Mercedes-AMG GLA 35 4Matic

20 diciembre, 2019
J. ROBREDO
El GLA más “cañonero”

Recién presentada la nueva generación SUV compacta GLA, tiene desde el inicio de su comercialización la variante Mercedes-AMG GLA 35 4Matic, versión cañonera de 306 CV firmada por su división deportiva AMG.

Dentro de los siete miembros de la familia deportiva de Mercedes AMG (desde la Clase A a los GLS) surge este nuevo Mercedes-AMG GLA 35 4Matic equipado por el motor de 4 cilindros de dos litros turbo con 306 CV y tracción total, acoplado a un cambio de doble embrague de 8 marchas, con los que anuncia 5,1 segundos para cubrir el 0-100 km/h y 250 km/h de velocidad punta (autolimitada).

Su diseño exterior está basado en el del Mercedes-AMG A 35 4Matic, con algún elemento propio: parrilla frontal AMG, lamas en las tomas de aire exteriores, deflector frontal en cromado o negro, llantas de aleación de 19” y 5 radios dobles (y de hasta 20” y 21” en opción) así como los paneles de puertas con insertos cromados o negros. Detrás domina el faldón trasero con difusor integrado, alerón de techo AMG y dobles bocas de escape en las esquinas. Las luces traseras, estrechas y divididas en dos elementos, acentúan su anchura, con un paquete AMG Night opcional con elementos en negro brillo, lunas supertintadas y salidas de escape cromadas en negro.

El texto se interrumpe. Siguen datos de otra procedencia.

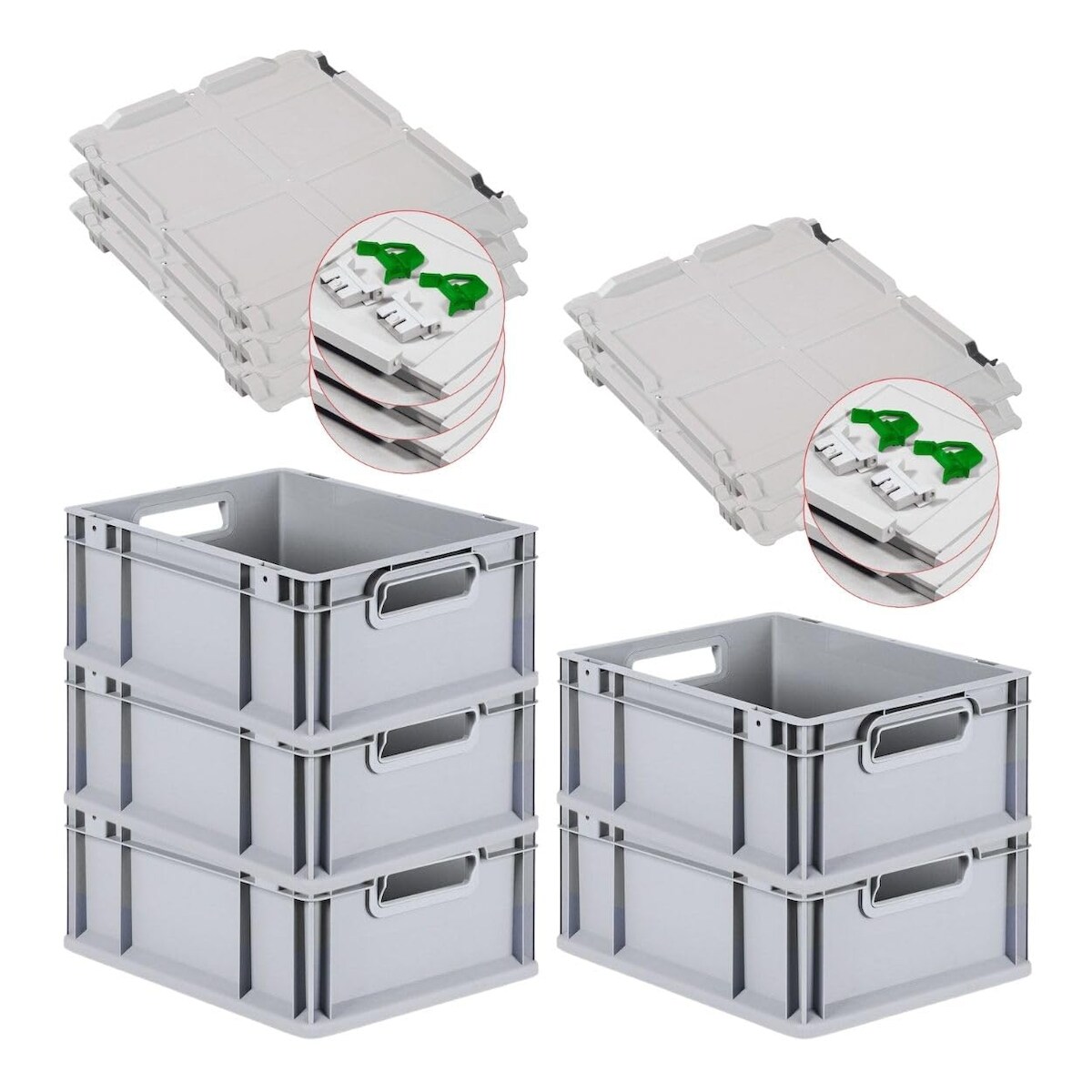 PROREGAL SparSet 10x Eurobox NextGen Economy mit Auflagedeckel & 4x Verschlüsse Grün, Griffe offen, HxBxT 17x40x60cm, 34L, Eurobehälter, Box
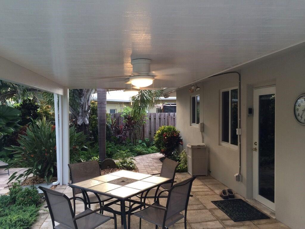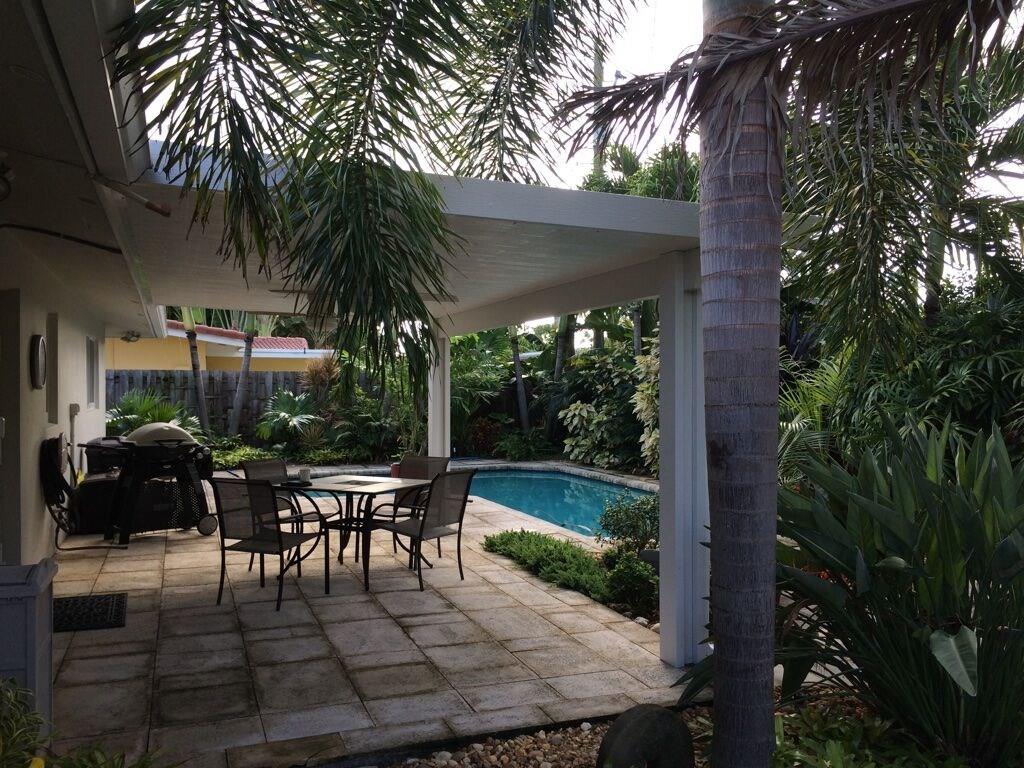 Great Location a few houses from intracoastal & blks to ocean,restaurants and newly developed Pompano Beach.Charming, spotless home with porcelain tile throughout. Open-Plan High end kitchen,Kraft made wood cabinets,granite counters & backsplash, SS appliances, and large granite table/island for dining. All windows and doors inc garage are impact.Remodeled baths,Solid core interior doors, Laundry room and pantry. Beautifully landscaped fenced yard with salt water pool,covered patio and enclosed shower.
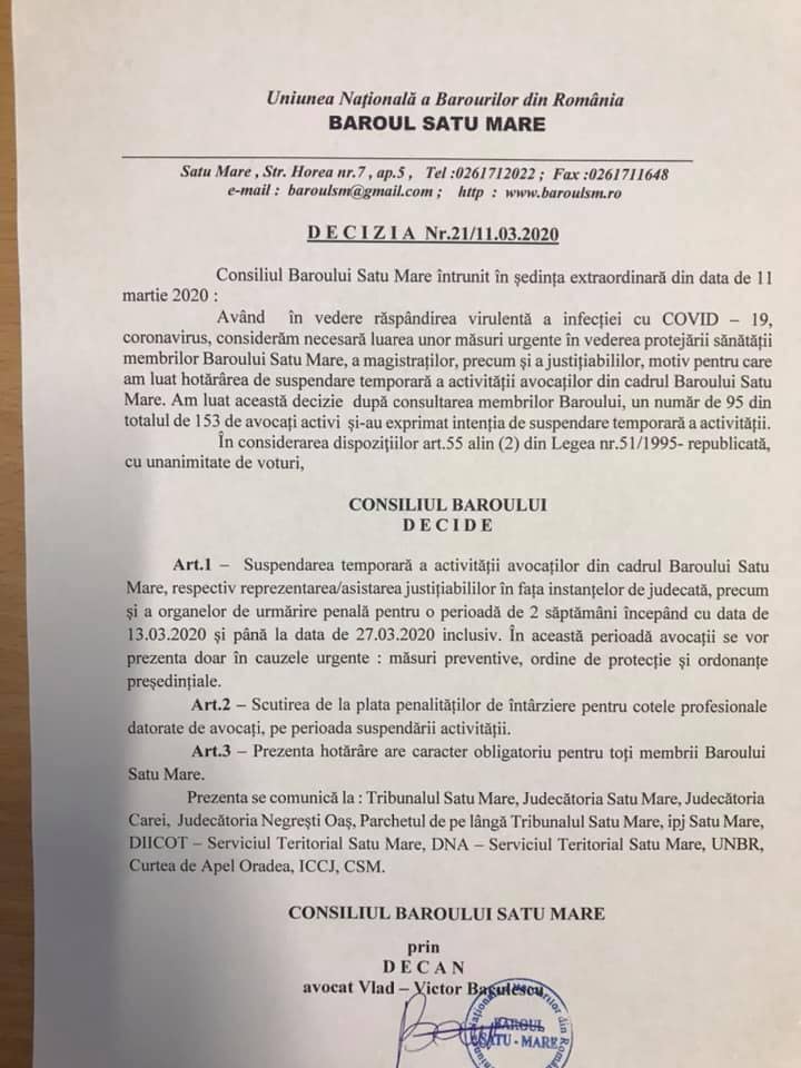 ”Suspendarea temporară a activităţii avocaţilor din cadrul Baroului Satu Mare, respectiv reprezentarea/asistarea justiţiabililor în faţa instantelor de judecată, precum şi a organelor de urmărire penală pentru o perioadă de 2 săptămâni începând cu data de 13.03.2020 şi până la data de 27.03.2020 inclusiv, în această perioadă avocaţii se vor prezenta doar în cauzele urgente măsuri preventive, ordine de protecţie şi ordonanţe preşedinţiale”, este una dintre prevederile adoptate de Baroul Avocaților.

Mercedes-AMG GLA 35 4Matic: interior exclusivo AMG

En el interior tenemos cuadro y pantalla digitales, tapicería mixta en símil cuero y microfibra textil, en color negro con costuras en rojo y cinturones de seguridad rojos, junto a detalles en fibra de carbono y cercos de aireadores en rojo. Como alternativa también de serie, se ofrece un tapizado mixto en símil cuero blanco y negro y ya en opción cuatro tapizados en piel auténtica.

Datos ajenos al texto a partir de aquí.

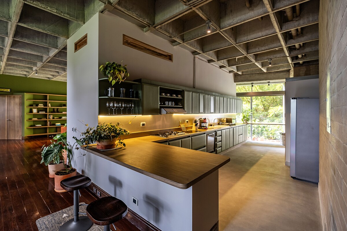 • Amazing location in heart of Poblado: "Oasis in the middle of the best part of the city, walking distance to everything” • Modern, fully furnished Loft • Sleeper sofa • High speed 100 Mb WiFi • Loads of nature around • On-site staff to help you with your needs 24/7 • A/C • Private Hot Tub • Pool in the common areas • Balcony w/ great views • 5 mins walk to best restaurants, cafes, malls. 15 mins walk to Poblado and Lleras Park • Fully stocked kitchen • 43” Smart TV w/ Apps • Transparent prices
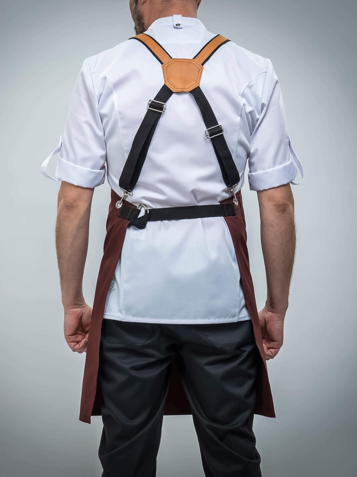 - Лямки фартука крестообразные. Они равномерно распределяют нагрузку на плечи, не нагружая шею.
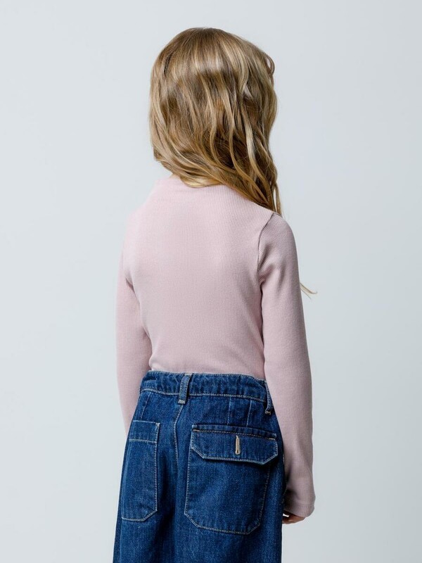 Базовая водолазка для девочки из эластичного трикотажа кашкорсе. Изделие имеет цельнокроенный воротник и длинные втачные рукава. Водолазка сохраняет цвет и форму после многократных стирок.

El sistema multimedia MBUX con control de voz es el mismo de los demás Mercedes GLA 2020, pero el cuadro ofrece tres diseños gráficos específicos (Classic, Sport y Supersport), con el Supersport con el cuentavueltas en el centro y la información adicional en forma de barras a su lado, llegando hasta el fondo de la pantalla del cuadro bajo perspectiva tridimensional. La consola central lacada lleva la pantalla táctil multimedia con botones extra para el control del ESP (tres niveles), el modo manual del cambio y la suspensión con amortiguación variable opcional. Y a través de la pantalla, con el menú AMG, se accede a diferentes datos más (Warm-up, Set-up, G-Force, etc ) del motor.

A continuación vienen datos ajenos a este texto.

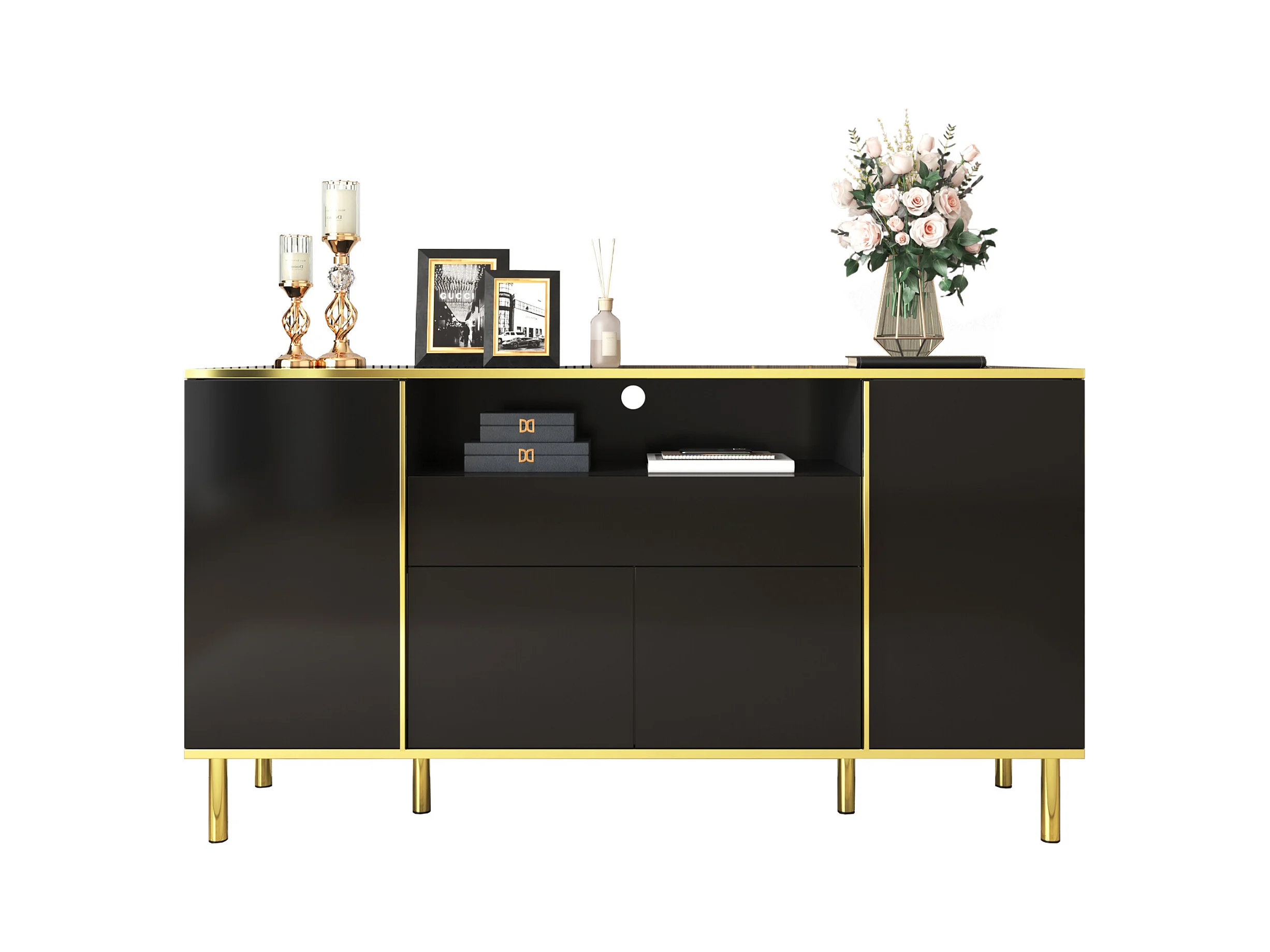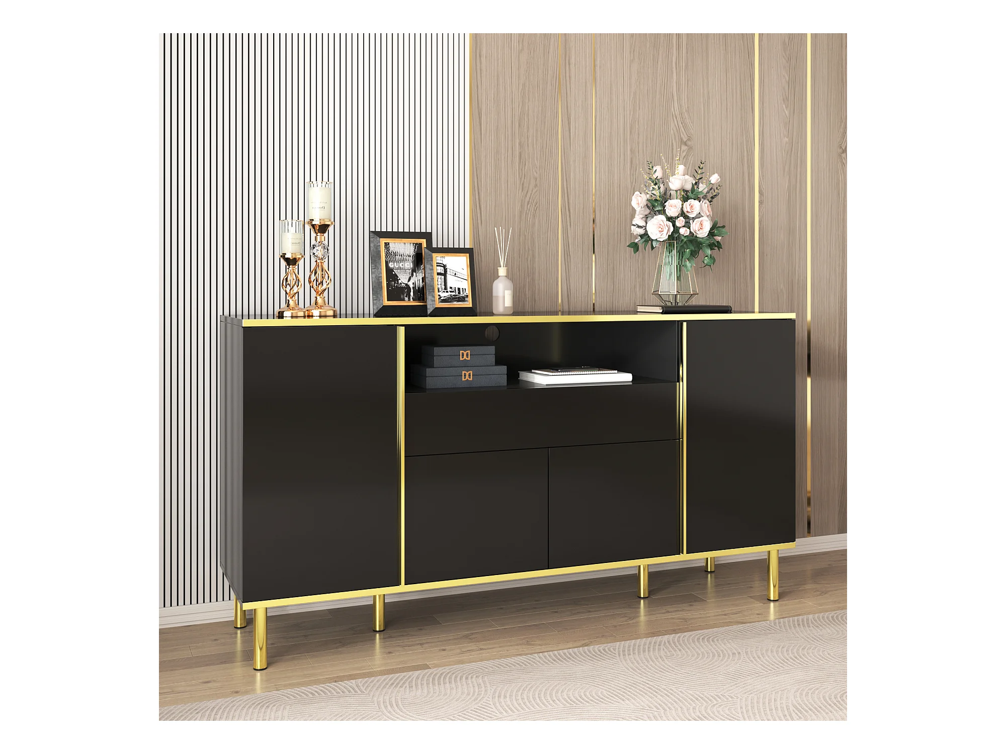 Aparador moderno de 4 portas em preto e dourado - MDF, pés de metal, para sala de estar e sala de jantar

El pedalier va en acero inoxidable y el volante va forrado en piel napa perforada con la zona inferior plana, con costuras a contraste en rojo, y lleva por detrás las levas de cambio galvanizadas para una conducción más deportiva con cambio de marchas manual secuencial. En opción se ofrece el volante “AMG Performance”, con una marca en la zona superior del aro (a las 12 en punto, si fuera una esfera de reloj) y mandos adicionales (uno rotatorio a la derecha y dos botones a la izquierda, ambos con pantalla) para variar funciones como el modo de conducción o la apertura de la mariposa del escape.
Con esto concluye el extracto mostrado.